Word for word, restate the records from their first line through the line with "全国送料無料 USA アメリカ古着", both ends included; omit each picture.

↓

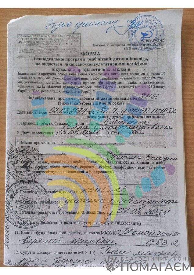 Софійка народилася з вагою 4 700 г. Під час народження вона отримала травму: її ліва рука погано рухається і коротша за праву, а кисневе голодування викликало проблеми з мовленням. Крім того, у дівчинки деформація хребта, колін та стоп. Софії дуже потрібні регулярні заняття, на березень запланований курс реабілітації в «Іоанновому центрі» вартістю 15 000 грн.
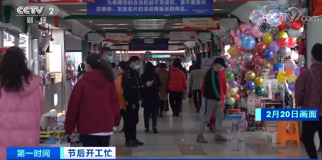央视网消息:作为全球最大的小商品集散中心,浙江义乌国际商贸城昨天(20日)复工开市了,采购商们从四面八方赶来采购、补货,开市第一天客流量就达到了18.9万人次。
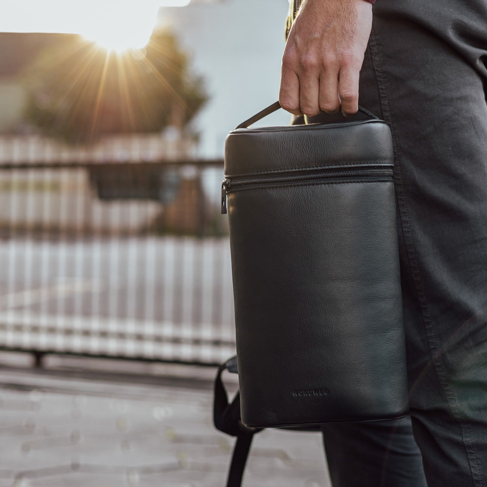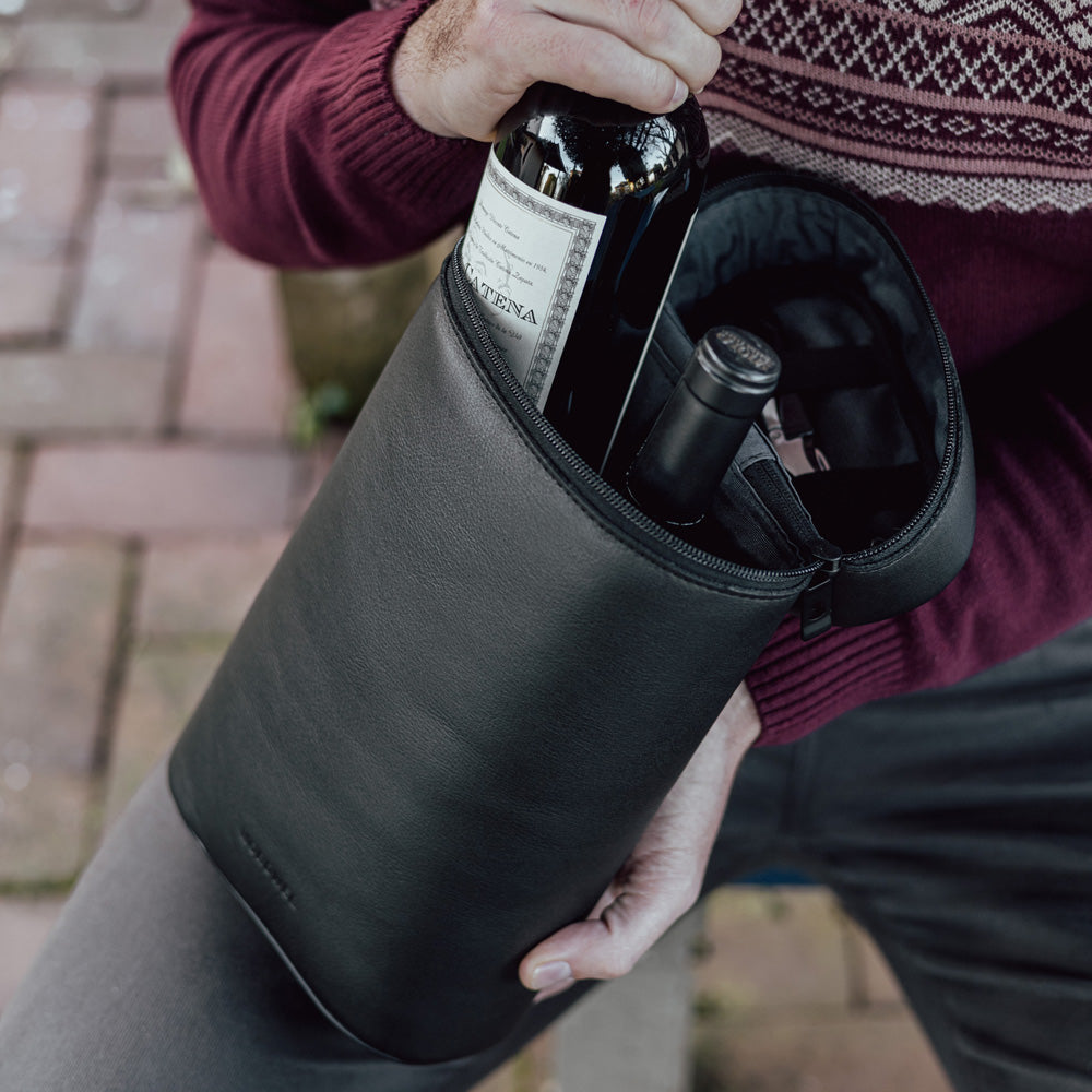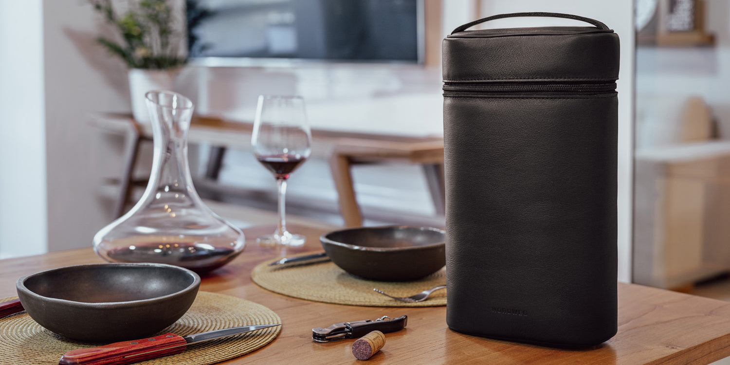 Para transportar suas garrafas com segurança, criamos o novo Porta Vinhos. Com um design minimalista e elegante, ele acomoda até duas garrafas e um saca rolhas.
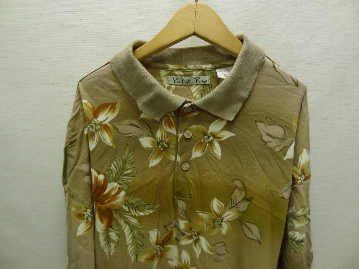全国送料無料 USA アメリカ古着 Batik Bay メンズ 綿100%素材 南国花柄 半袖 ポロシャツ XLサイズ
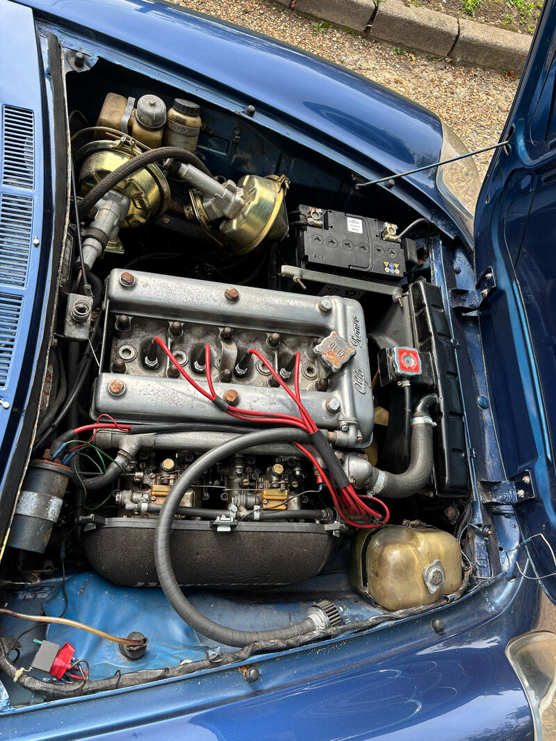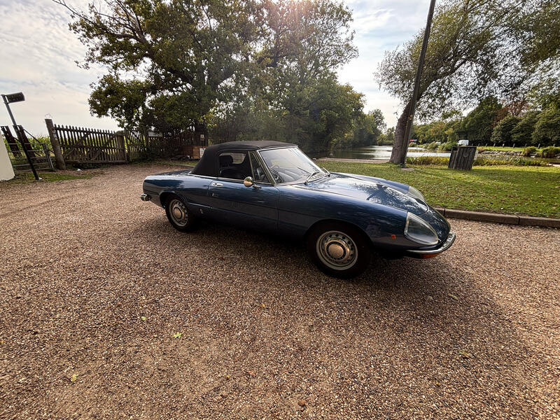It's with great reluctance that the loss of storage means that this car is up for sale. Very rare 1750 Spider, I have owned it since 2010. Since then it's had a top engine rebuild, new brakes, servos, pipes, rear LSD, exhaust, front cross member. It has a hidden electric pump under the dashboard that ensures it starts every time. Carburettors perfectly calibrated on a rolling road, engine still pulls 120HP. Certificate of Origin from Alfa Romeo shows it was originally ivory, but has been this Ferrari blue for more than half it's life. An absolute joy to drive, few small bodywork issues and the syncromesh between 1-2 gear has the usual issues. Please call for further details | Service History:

↑

- [REPLY]
 Софійка народилася з вагою 4 700 г. Під час народження вона отримала травму: її ліва рука погано рухається і коротша за праву, а кисневе голодування викликало проблеми з мовленням. Крім того, у дівчинки деформація хребта, колін та стоп. Софії дуже потрібні регулярні заняття, на березень запланований курс реабілітації в «Іоанновому центрі» вартістю 15 000 грн.
央视网消息:作为全球最大的小商品集散中心,浙江义乌国际商贸城昨天(20日)复工开市了,采购商们从四面八方赶来采购、补货,开市第一天客流量就达到了18.9万人次。
 Para transportar suas garrafas com segurança, criamos o novo Porta Vinhos. Com um design minimalista e elegante, ele acomoda até duas garrafas e um saca rolhas.
全国送料無料 USA アメリカ古着 Batik Bay メンズ 綿100%素材 南国花柄 半袖 ポロシャツ XLサイズ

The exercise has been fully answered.